====== Given records
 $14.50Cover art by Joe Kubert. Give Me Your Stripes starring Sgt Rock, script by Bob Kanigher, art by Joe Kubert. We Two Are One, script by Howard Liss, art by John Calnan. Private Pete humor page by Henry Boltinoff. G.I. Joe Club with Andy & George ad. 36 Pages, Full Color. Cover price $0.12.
============
====== Given records
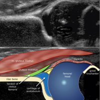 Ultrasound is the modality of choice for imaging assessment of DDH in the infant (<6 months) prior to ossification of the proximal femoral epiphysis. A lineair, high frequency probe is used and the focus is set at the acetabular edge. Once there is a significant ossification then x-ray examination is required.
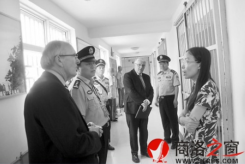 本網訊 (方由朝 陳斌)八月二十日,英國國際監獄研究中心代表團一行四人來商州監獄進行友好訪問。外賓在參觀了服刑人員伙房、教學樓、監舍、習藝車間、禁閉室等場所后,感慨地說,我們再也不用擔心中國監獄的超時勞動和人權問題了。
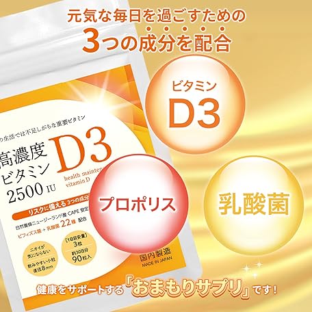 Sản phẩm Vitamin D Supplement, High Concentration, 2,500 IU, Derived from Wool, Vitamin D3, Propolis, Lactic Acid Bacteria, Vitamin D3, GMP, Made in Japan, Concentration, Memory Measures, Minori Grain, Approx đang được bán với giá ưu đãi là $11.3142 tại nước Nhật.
============
====== Given records
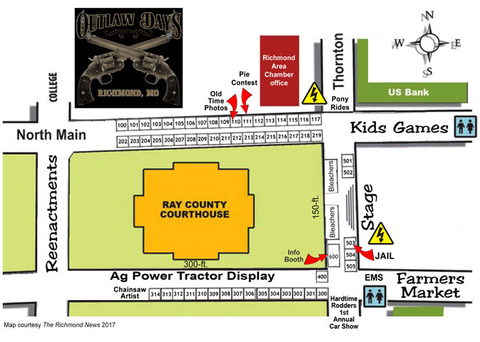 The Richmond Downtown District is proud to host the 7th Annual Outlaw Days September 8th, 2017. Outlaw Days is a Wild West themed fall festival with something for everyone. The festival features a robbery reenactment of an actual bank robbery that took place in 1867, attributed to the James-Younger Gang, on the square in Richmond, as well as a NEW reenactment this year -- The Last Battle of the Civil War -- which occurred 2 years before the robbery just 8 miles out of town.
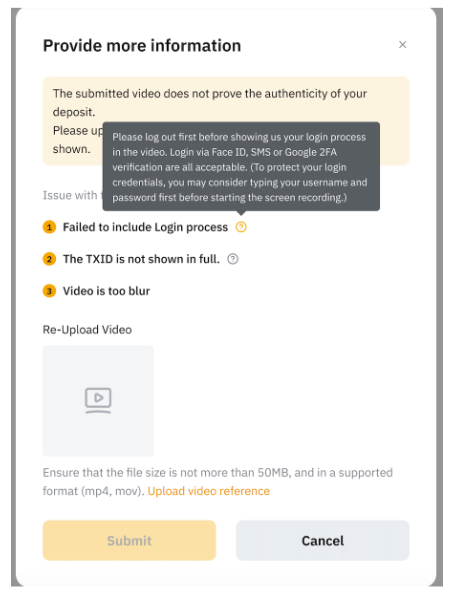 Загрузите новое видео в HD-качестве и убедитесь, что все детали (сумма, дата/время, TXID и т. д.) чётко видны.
============
**Directions for this task:** Range to copy from the listing above: the line containing "Ultrasound is the" down to the line containing "Sản phẩm Vitamin", both included. Reproduce it exactly, minus the pictures, and add nothing.

**Response area:**
 Ultrasound is the modality of choice for imaging assessment of DDH in the infant (<6 months) prior to ossification of the proximal femoral epiphysis. A lineair, high frequency probe is used and the focus is set at the acetabular edge. Once there is a significant ossification then x-ray examination is required.
 本網訊 (方由朝 陳斌)八月二十日,英國國際監獄研究中心代表團一行四人來商州監獄進行友好訪問。外賓在參觀了服刑人員伙房、教學樓、監舍、習藝車間、禁閉室等場所后,感慨地說,我們再也不用擔心中國監獄的超時勞動和人權問題了。
 Sản phẩm Vitamin D Supplement, High Concentration, 2,500 IU, Derived from Wool, Vitamin D3, Propolis, Lactic Acid Bacteria, Vitamin D3, GMP, Made in Japan, Concentration, Memory Measures, Minori Grain, Approx đang được bán với giá ưu đãi là $11.3142 tại nước Nhật.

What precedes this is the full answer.